I'm new to Cassandra and am looking for a best practice on how to model data that has this general following structure:
The data is "user" based (per customer) , each is supplying a big data file of around 500K-2M entries (periodically updated a few times a day - sometimes full update and sometimes only deltas)
Each data file has certain mandatory data fields (~20 mandatory) but can add additional columns at their discretion (up to ~100).

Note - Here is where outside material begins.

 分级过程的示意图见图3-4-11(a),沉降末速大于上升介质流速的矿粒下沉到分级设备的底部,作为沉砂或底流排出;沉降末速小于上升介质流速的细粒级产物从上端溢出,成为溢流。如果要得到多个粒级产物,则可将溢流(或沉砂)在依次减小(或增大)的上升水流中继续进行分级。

The additional data fields are NOT necessarily the same for the different users (the names of the fields or the types of those fields)
Example (csv format:)
user_id_1.csv
| column1 (unique key per user_id) | column2 | column3 | ... | column10 | additionalColumn1 | ...additionalColumn_n |
|-----------------------------------|-----------|----------|---------|------------|---------------------|------------------------|
| user_id_1_key_1 | value | value | value | value | ... | value |
| user_id_1_key_2 | .... | .... | .... | .... | ... | ... |
| .... | ... | ... | ... | ... | ... | ... |
| user_id_1_key_2Million | .... | .... | .... | .... | ... | ... |
user_id_XXX.csv (notice that the first 10 columns are identical to the other users but the additional columns are different - both the names and their types)

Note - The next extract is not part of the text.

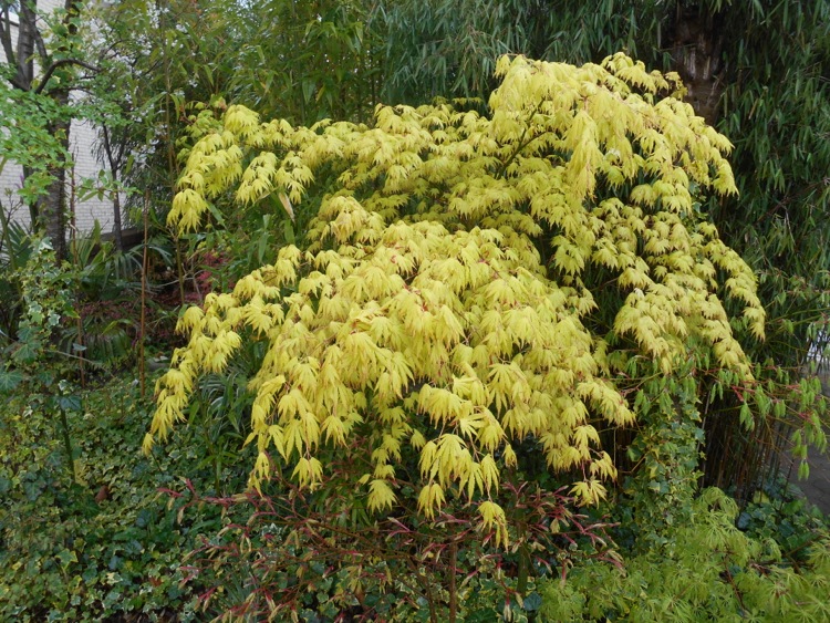 Ik kreeg onlangs ook van Esveld Boskoop de opmerking dat kleigrond ongeschikt is voor Acers. Desalniettemin doen ze het hier uitstekend op de zeeklei van de Flevopolder. Een aantal exemplaren zijn overgeplant uit de vorige tuin op rivierklei en maken inmiddels al bijna 30 jaar deel uit van de collectie. Ik plant ze net als Esther niet in de pure klei maar meng de rul gemaakte klei royaal met zwartveen potgrond (pH neutraal). Japanse esdoorn houden over het algemeen niet van felle zon en blijven mooier als ze op het heetst van dag wat schaduw krijgen. Kleinblijvende soorten zijn ook zeer geschikt om als kuipplant te houden en kunnen dan door middel van jaarlijkse snoei in model worden gehouden.

| column1 (unique key per user_id) | column2 | column3 | ... | column10 | additionalColumn1 (different types than user_id_1 and others) | ...additional_column_x |
|-----------------------------------------------------------|-----------|----------|---------|------------|-----------------------------------------------------------------|-------------------------|
| user_id_XXX_key_1 | value | value | value | value | ... | value |
| user_id_XXX_key_2 | .... | .... | .... | .... | ... | ... |
| .... | ... | ... | ... | ... | ... | ... |
| user_id_XXX_key_500_thousand (less rows than other user) | .... | .... | .... | .... | ... | ... |
Several options I have considered:
Option 1:
- Create a "global" keyspace
- Create a big table "data" containing everything
Concatenate a user_id column to all of the other columns to the big table (including the non-mandatory columns). The primary key becomes user_id + "column_1" (column_1 is unique per user_id)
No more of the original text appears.